Mind you, we’re not talking about your views merely causing some irritation or provoking heated arguments. We’re talking about a situation where in most social and all professional situations, you are unable to look at people’s faces without thinking that they would consider you an abominable monster unfit for civilized society if they knew your true honest thoughts. You have to live with the fact that people around you (except perhaps for a few close friends and confidants) respect you and are willing to work and socialize with you only insofar as they are misled about what you really believe and what you truly are.
Would you really prefer this outcome to staying blissfully ignorant?

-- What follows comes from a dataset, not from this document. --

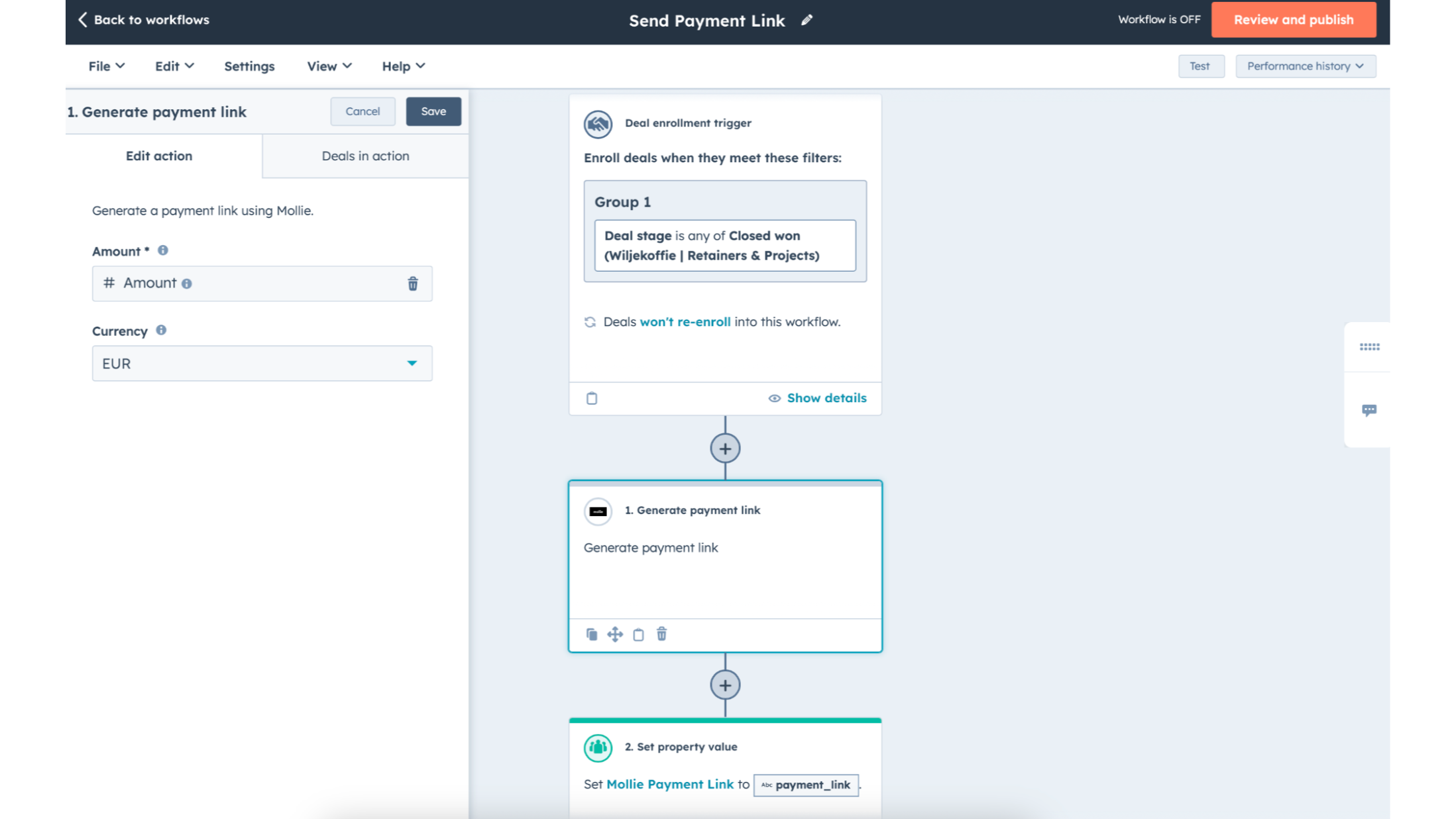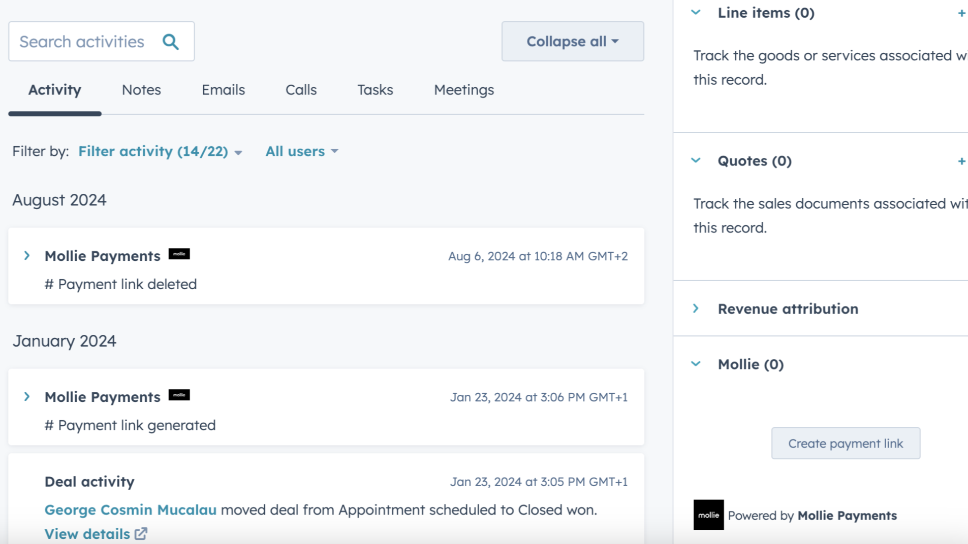 By integrating Mollie payments with HubSpot CRM, you can effortlessly create and send payment links for specific deals, manage customer transactions, and monitor their progress—all within the HubSpot interface.

Well, yes. You mean you don’t want to secretly have a powerful and dangerous dark side?
Probably not. A sensible person ought to be willing to suffer for a few very important things… but very few. So a very disreputable belief ought to also, in some way, also be very important to be worth believing. In practice, when a contentious issue also seems not very important (or not very relevant to me) I don’t bother investigating it much—it’s not worth becoming disreputable for.
Knowing whether disreputable beliefs are true is helpful in figuring out what intellectual institutions you can trust.
This, however, means that your above comment is in need of some strong disclaimers. Unless of course it’s directed at someone who lives in a society in which all highly disreputable beliefs happen to be false and outright implausible from an unbiased perspective. (But would you bet that this is the case for any realistic human society?)
I absolutely prefer that outcome. Aren’t we all used to having to censor ourselves in all kinds of surroundings?
Well said. That’s a 5-second response right there to quite a lot of people in the econoblogging community who think they’re clever.
On a related note, I think too few people realize that it’s OK to sometimes hold beliefs that are mistaken in a strongly disreputable direction. If all your errors fall on the reputable side of the line, you’re missing out on accuracy. In a noisy world, sufficiently asymmetric suppression of falsehoods is indistinguishable from suppression of truths.
Twitter-worthy!
^necrobump
Is there a name for this theorem? It seems like it follows from invariance of information content (passed through a noisy channel) under permutation of symbols.
I agree and add that watching your mouth is not nearly enough. I, for example, are extremely good at watching my mouth when I am attempting to tow absurd party lines but I am irredeemably poor at controlling all the minute details of body language that must go with it. The only reliable way for most people to tell lies with adequate sincerity is to lie to themselves first.
Also, ignorance is bliss.
Awesome. Do tell! Allow me to join you in controversy.